Google bought struggling Motorola Mobility last year in a deal that cost over $12 billion dollars. Ever since, Google has been restructuring and reorganizing in attempts to make the company profitable again. Two weeks ago news broke that Google would be axing 4,000 jobs at Motorola and closing offices. Now more details about the cuts have surfaced.
Motorola in India Shut Down (Almost)
It turns out that a lot of these cuts are focused on Motorola’s India market. Rajat Agrawal at BGR India reports, “Motorola is shutting down its operations in India and across Asia Pacific.” Sounds rather grim, doesn’t it? It’s not as clear-cut as it sounds, and I’ll get to that soon. What I am surprised about is the fact that Motorola is focusing its cuts in India of all places.
India’s population—and potential market—is three times the size of America’s. Their economy is still growing at a good pace. The media bombards us with news about how fertile markets are in India and China and yet, here is Google/Motorola pulling out of said market. The move could be a refocusing of their markets, though. An official statement from Motorola Mobility to BGR India states, “we continue to have a significant presence in key markets in Asia-Pacific in addition to Korea and Australia. This includes, among others, mainland China.” Perhaps Motorola is looking to avoid competition with homegrown mobile companies in India and sticking with where it has better established itself.

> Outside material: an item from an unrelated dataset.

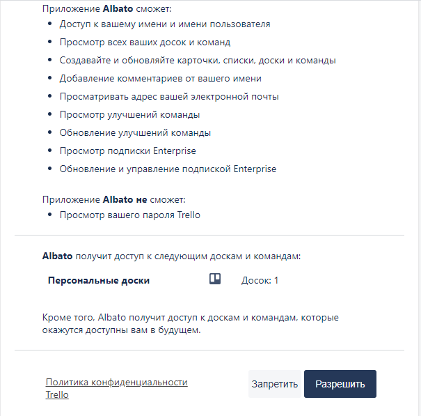 Также можно передавать данные в Trello, выполнив перечисленные действия:
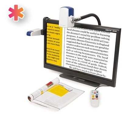 ONYX OCR - это видеоувеличитель для пользователей, которые хотят совмещать увеличение и речь. Автономный дизайн объединяет две камеры и 24-дюймовый сенсорный экран. Он позволяет просматривать полную страницу формата Letter на экране и увеличивать материалы до 131 крат.

Motorola isn’t jumping ship completely on India though. IBN Live (a partner with CNN) writes that Motorola announced it will “continue to sell its products in India till stocks [dry] up, and that their service centers would be operational.” But after their inventories are sold, that appears to be it for Motorola in India. Workers involved in work related to US and other markets appear to be keeping their jobs as well.
Is this a Market Mistake? Probably not.
My initial reaction to this news was one of surprise. I can’t see the logic in letting go of a market as vast as India’s. Of course, I’m no expert on India, and I have read that domestic competitors are doing pretty well. Ultimately it might come down to Google’s primary motives for buying Motorola Mobility in the first place. Apurva Chaudhary for MediaNama reminds us that “Google agreed to acquire Motorola Mobility … for its 17,000 patent portfolio, with the stated intent of this helping Google in defending its mobile operating system Android.”
Maybe Google just needs to get Motorola Mobility profitable again, as an afterthought to its patent acquisitions. Google doesn’t like losing money (what company does?) but it doesn’t need Motorola to be a dominant player in the mobile market. Losing a market like India might not be a big deal to Google, as its Android OS works on multiple phones and its services are already used in the country. If Motorola were acting independently, it certainly would have been a big deal to the company to exit the Indian market.
Time will tell whether Google’s restructuring, layoffs, and refocusing of Motorola Mobility will turn the company around. For competition’s sake, and for the sake of the employees still there, let’s hope it works.
Do you think leaving India is a good move for Google’s Motorola Mobility?